The Secret of the SANSY Edition
Irene had never been fond of her Lengua Castellana y Literatura textbook. Libro 1 Bachillerato , SANSY editorial. It was thick, heavy, and smelled of recycled paper and broken dreams. To her, it was a brick of verb conjugations, syntactic analysis, and fragments of the Cantar de Mio Cid that she’d rather watch on YouTube.
Then, on a whim, she checked the index. A whole section on “Poesía oculta del siglo XX” was listed but, oddly, pages 204 to 206 were blank. Not misprinted—deliberately blank, except for a single stanza handwritten in the same tiny script:
Irene frowned. She checked the margins. No other marks. But the poem referenced on that page—Lorca’s “La aurora”—was present. She read it twice. Nothing.

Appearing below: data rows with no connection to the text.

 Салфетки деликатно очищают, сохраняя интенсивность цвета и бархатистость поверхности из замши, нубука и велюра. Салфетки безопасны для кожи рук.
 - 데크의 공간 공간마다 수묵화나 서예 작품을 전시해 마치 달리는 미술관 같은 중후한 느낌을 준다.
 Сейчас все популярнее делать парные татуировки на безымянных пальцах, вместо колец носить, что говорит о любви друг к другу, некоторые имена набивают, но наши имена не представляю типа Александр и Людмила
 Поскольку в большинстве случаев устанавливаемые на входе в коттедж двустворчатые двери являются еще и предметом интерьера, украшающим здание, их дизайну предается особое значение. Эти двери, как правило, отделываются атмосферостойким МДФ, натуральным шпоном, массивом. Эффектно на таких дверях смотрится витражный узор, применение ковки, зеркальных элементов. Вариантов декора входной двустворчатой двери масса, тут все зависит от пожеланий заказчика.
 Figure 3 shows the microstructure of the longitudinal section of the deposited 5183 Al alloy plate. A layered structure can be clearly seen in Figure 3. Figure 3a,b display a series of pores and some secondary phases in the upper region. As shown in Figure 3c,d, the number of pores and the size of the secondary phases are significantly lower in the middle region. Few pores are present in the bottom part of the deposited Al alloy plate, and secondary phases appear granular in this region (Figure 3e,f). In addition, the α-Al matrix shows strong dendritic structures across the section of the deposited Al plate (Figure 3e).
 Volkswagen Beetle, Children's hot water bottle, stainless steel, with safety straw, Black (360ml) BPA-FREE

From then on, Irene didn’t see the SANSY book as a burden. She saw it as a puzzle. Every blank margin, every odd footnote became a clue. She started writing her own poems in the white spaces. By the end of the year, she didn’t just pass the subject—she had written a small chapbook titled Libro 1, Anotado .
“La respuesta está en el poema que no está.” (The answer is in the poem that isn’t there.)

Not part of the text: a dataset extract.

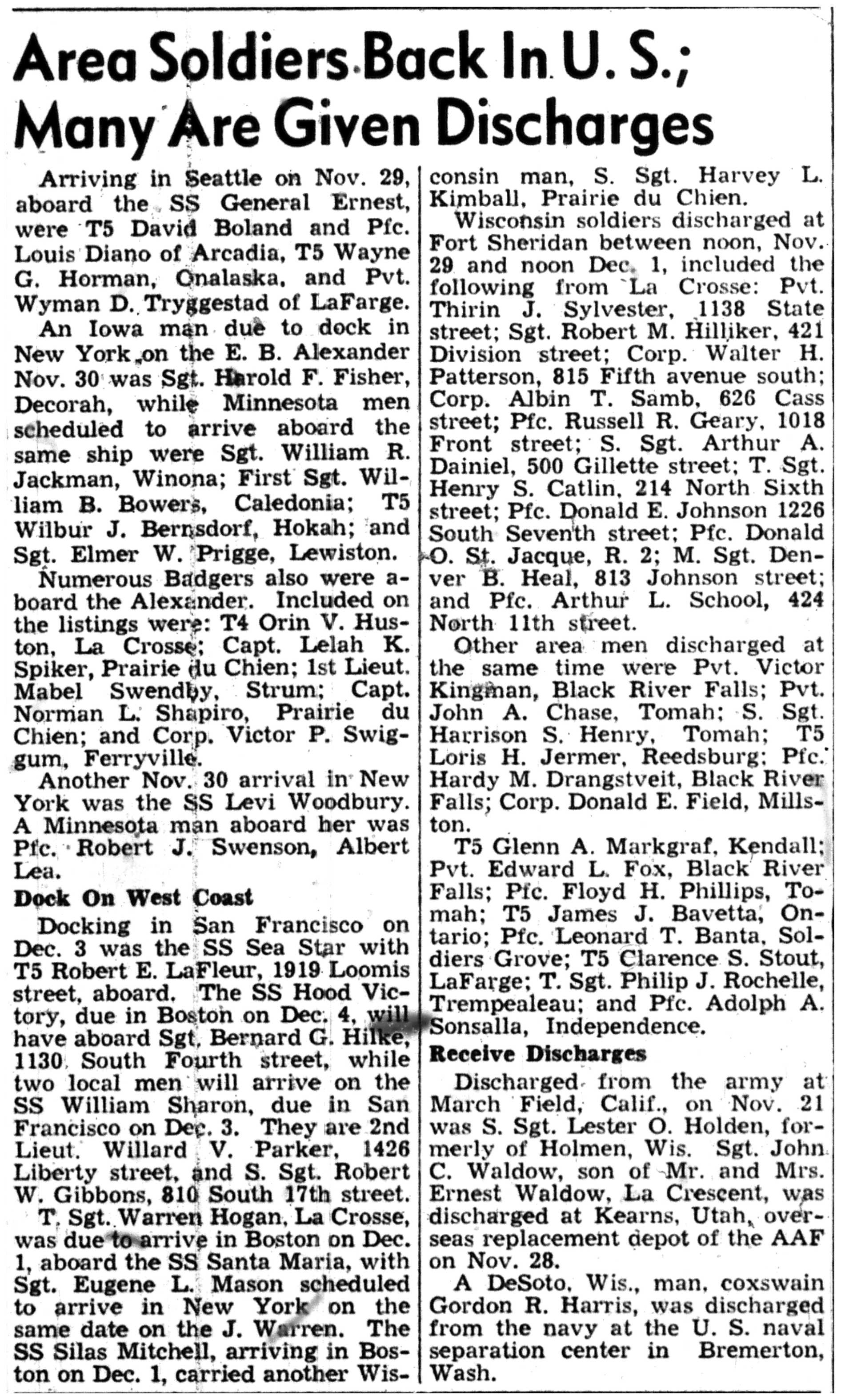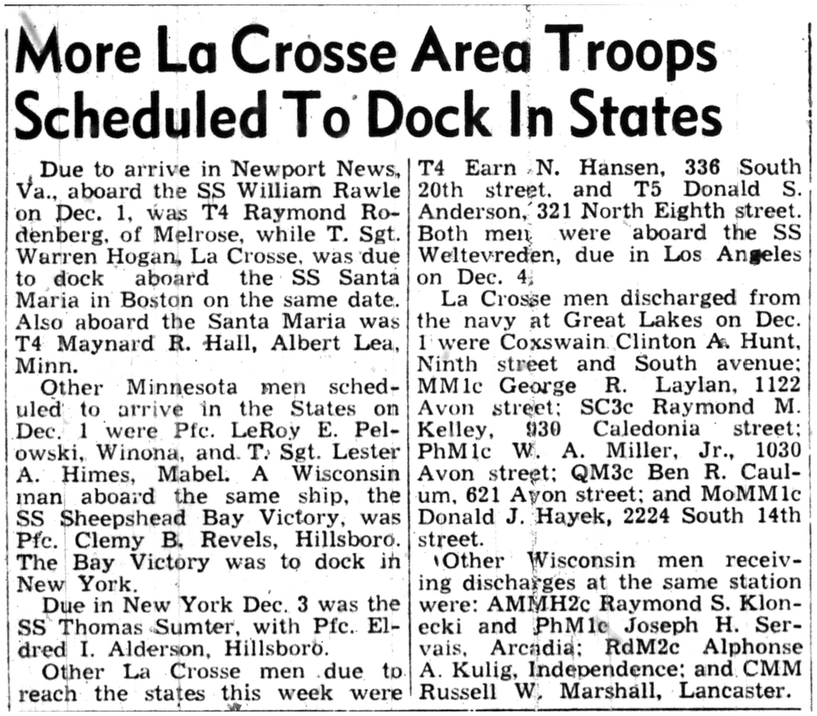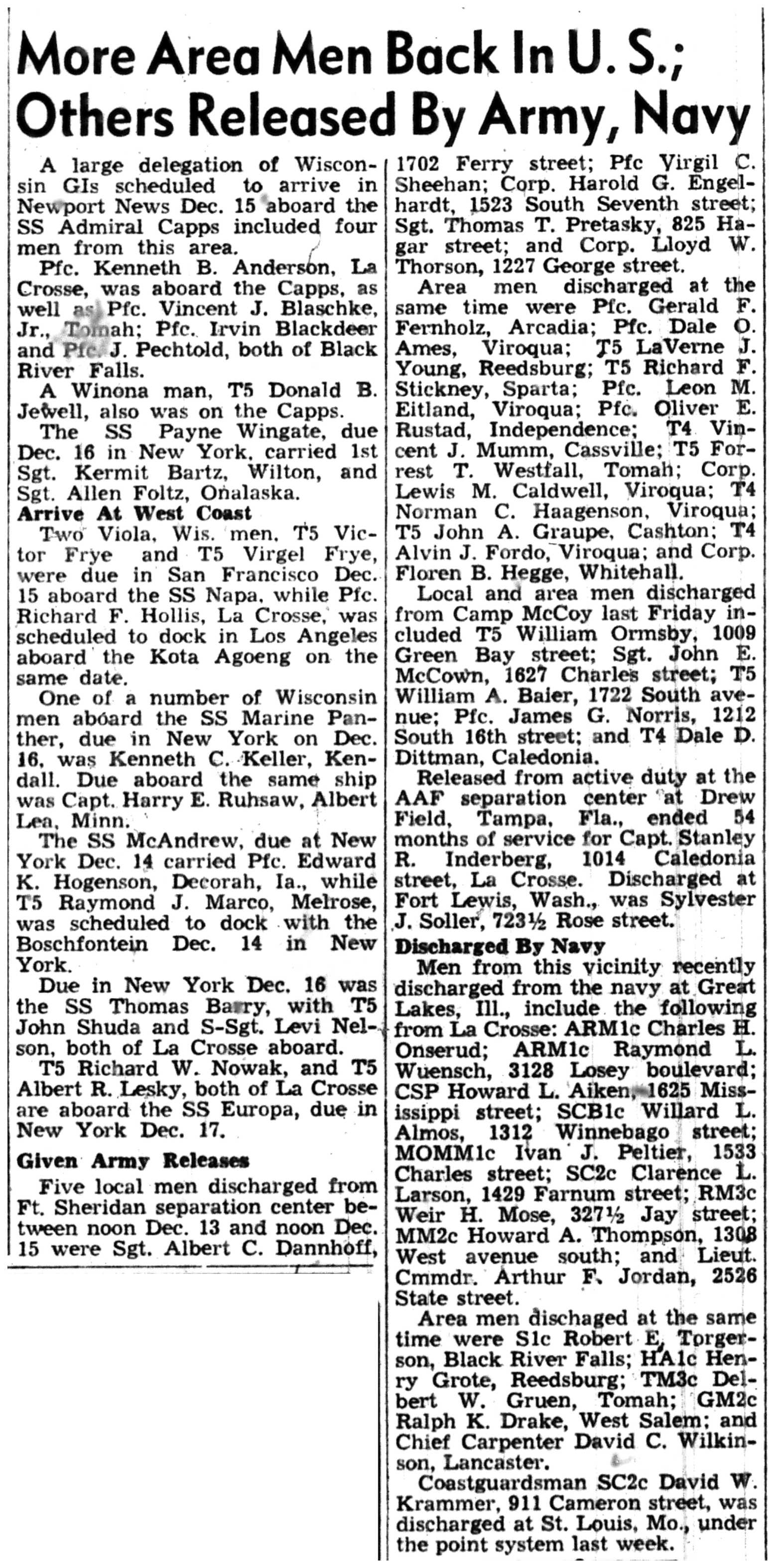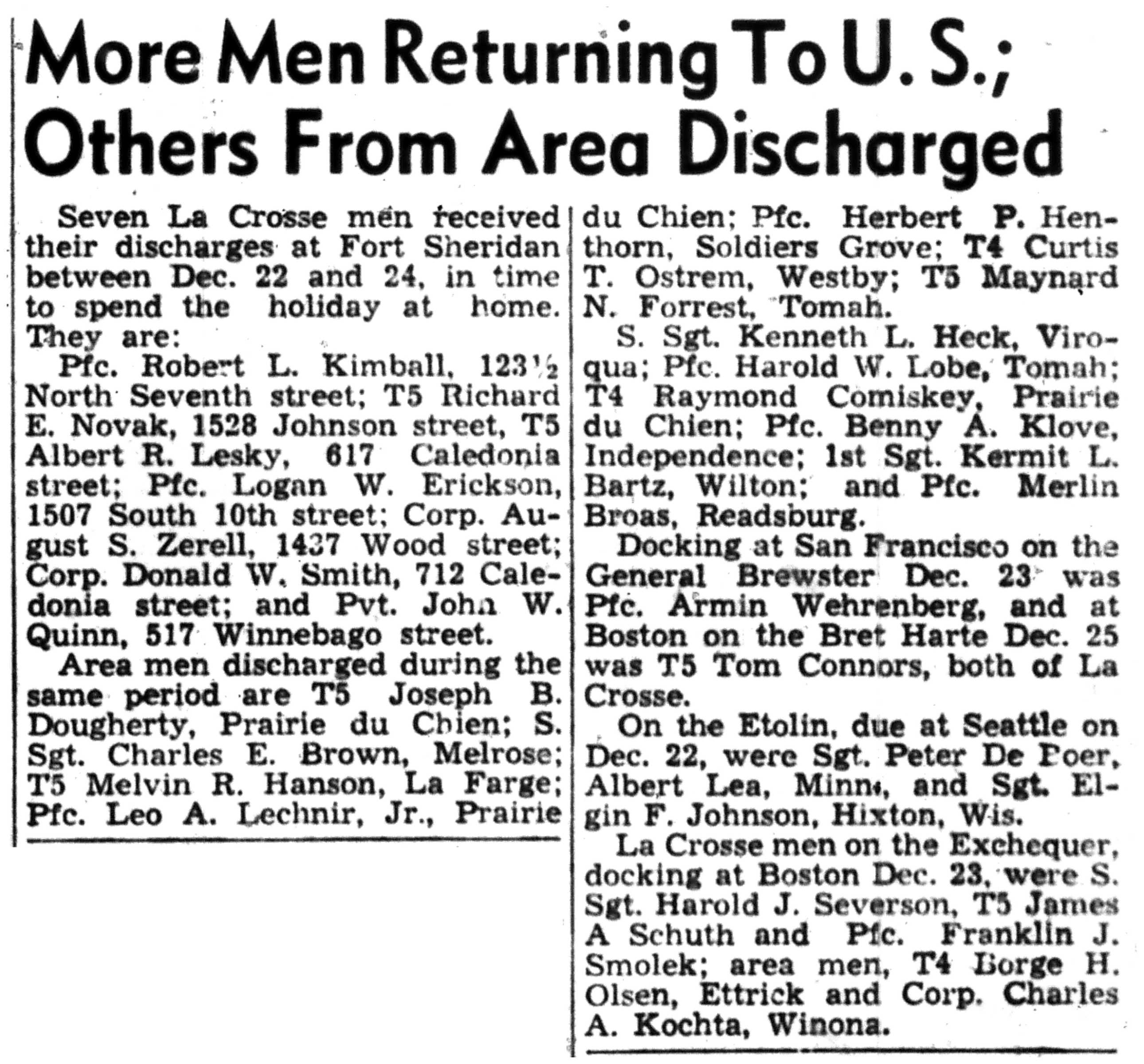 Albert Danhoff, Carl Bledsoe, Donald Payne, Thomas Pretasky, James Olsen, Robert Hengel, Erwin Korish, Walter Marshall, James Pittenger, Ervin Crogin, Burten Veglahn, LaVern Robinson, Virgil Sheean, Robert Krueger, John Perry, Lloyd Thorsen, Joseph Netzer, Warren Hogan, Richard Hayes, John Bernhard, Ralph Thomasgard, Vance Shaw, Roy Teel Jr, Eugene Hunt, Chester Blades, Earl Martin

The Secret of the SANSY Edition
Irene had never been fond of her Lengua Castellana y Literatura textbook. Libro 1 Bachillerato , SANSY editorial. It was thick, heavy, and smelled of recycled paper and broken dreams. To her, it was a brick of verb conjugations, syntactic analysis, and fragments of the Cantar de Mio Cid that she’d rather watch on YouTube.
Then, on a whim, she checked the index. A whole section on “Poesía oculta del siglo XX” was listed but, oddly, pages 204 to 206 were blank. Not misprinted—deliberately blank, except for a single stanza handwritten in the same tiny script:
Irene frowned. She checked the margins. No other marks. But the poem referenced on that page—Lorca’s “La aurora”—was present. She read it twice. Nothing.
From then on, Irene didn’t see the SANSY book as a burden. She saw it as a puzzle. Every blank margin, every odd footnote became a clue. She started writing her own poems in the white spaces. By the end of the year, she didn’t just pass the subject—she had written a small chapbook titled Libro 1, Anotado .
“La respuesta está en el poema que no está.” (The answer is in the poem that isn’t there.)